Alutiiq Word of the Week

Fingernail — Stuk


Stunka nauwakarluteng taaten. – My fingernails are growing too long.

Fingernail
Photo: Emily Capjohn's hands, AM888
All primates have nails, the hard plate-like covering found at the ends of fingers and toes. Human nails correspond to the claws found in animals, and like claws, they are made of a tough protein called keratin. The Alutiiq word stuk means both fingernail and toenail. Speakers also use this term for a hoof or a claw. Children were scared into good behavior with stories of a scary claw. Parents warned that if you played with your dolls before the end of Lent, a stuk or claw, would come out of the bed and get you!

Fingernails are tools. Alutiiq people used their fingernails for many simple tasks, like flicking fly eggs off drying salmon filets and making fibers for weaving and sewing. Seamstresses separated thin lengths of animal tendon into thread with their nails and weavers used their nails to split spruce roots to create long, even strips of weaving material.  

Fingernails also have spiritual significance. Elders also recall that some people collected their fingernail and hair clippings over their lifetimes so these pieces of their bodies could be buried with them at death.
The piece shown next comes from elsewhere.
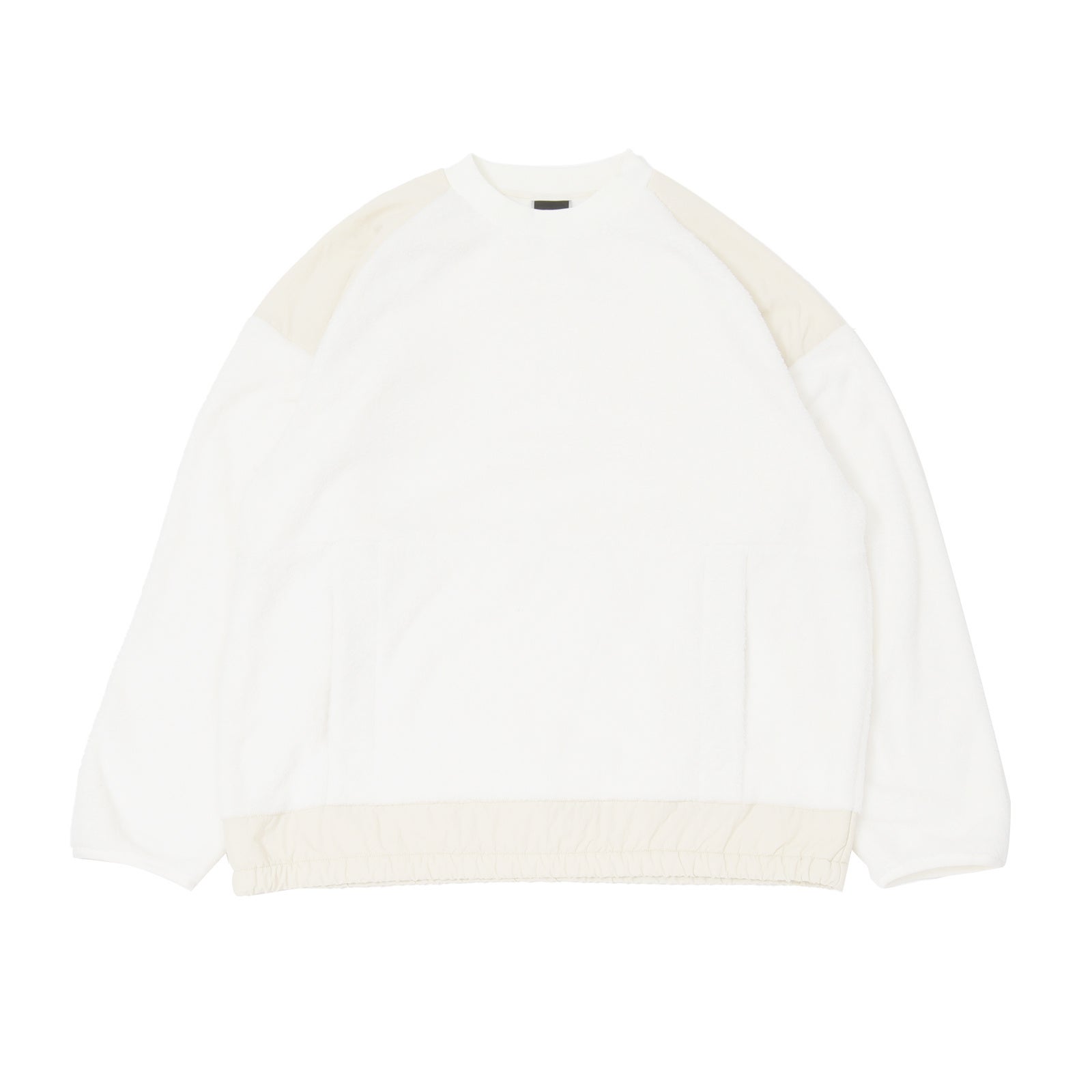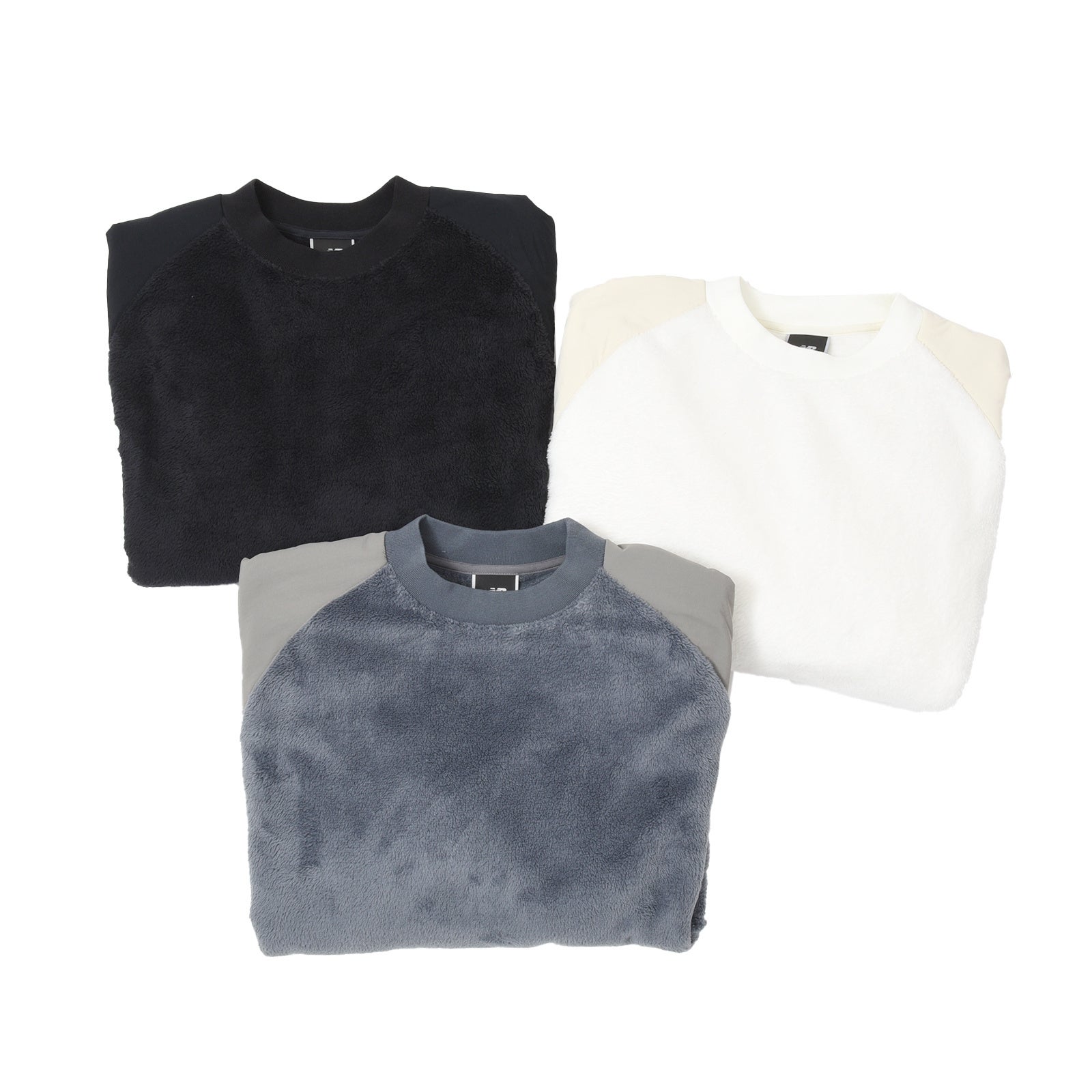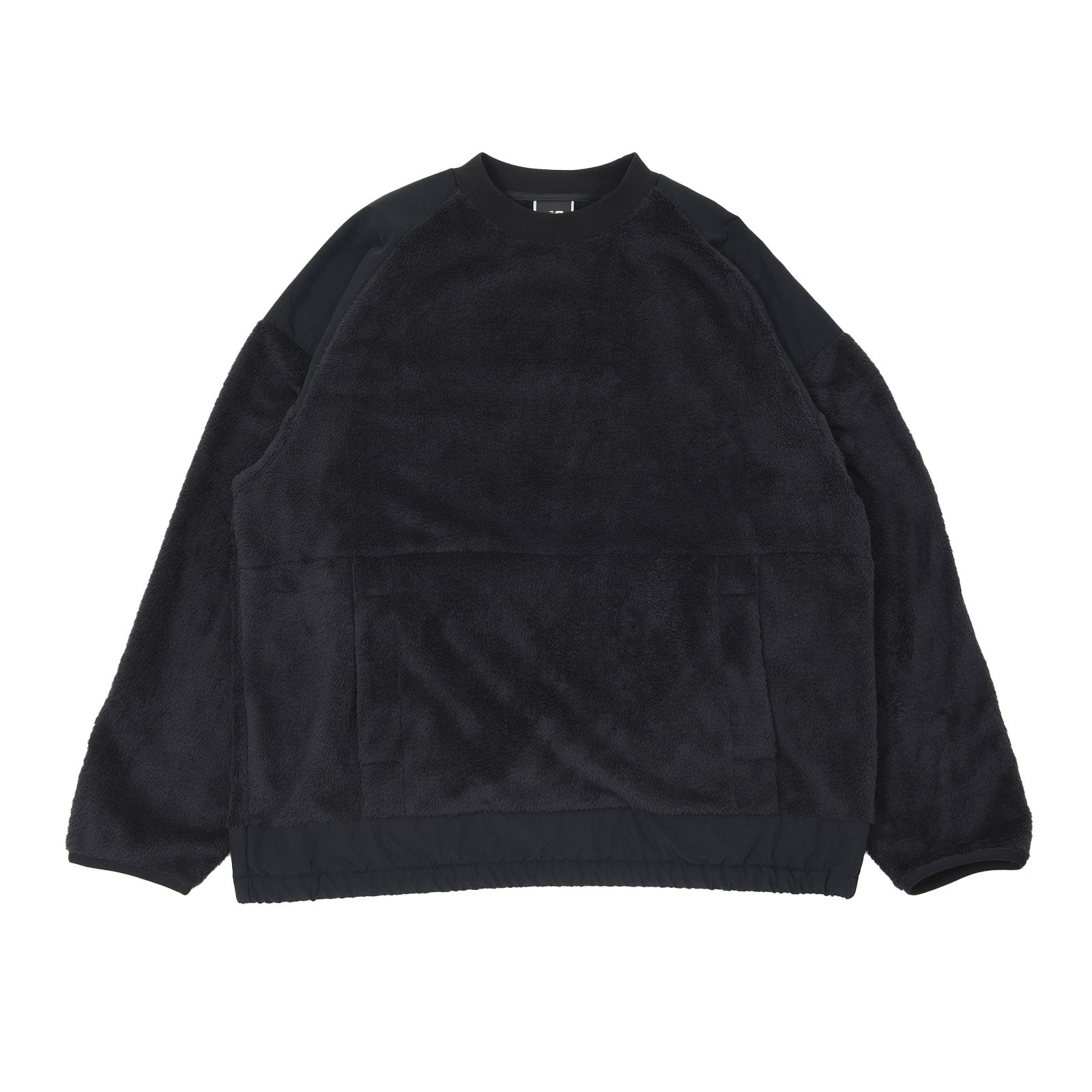 ミドラーでもアウターでも着回せる生地感とデザインのストレートで短い毛足のソフトな風合いのボアフリースとナイロン素材の異素材使いが特徴。ユニセックスで着られるサイズ展開でゆったり着られるリラックスシルエットです。プルオーバーと、トレーニングパンツはセットアップが可能です。

This practice follows Alutiiq beliefs about the power of human and animal bodies and the essence preserved in pieces of a living creature. For example, the hides of animals used in parkas were thought to transfer qualities of those animals to the parka’s wearer. Similarly, Alutiiq whalers harvested the fat from the corpses of influential dead people to mix into hunting poison. They harvested the power of ancestral hunters and leaders to make a physically and spiritually potent poison.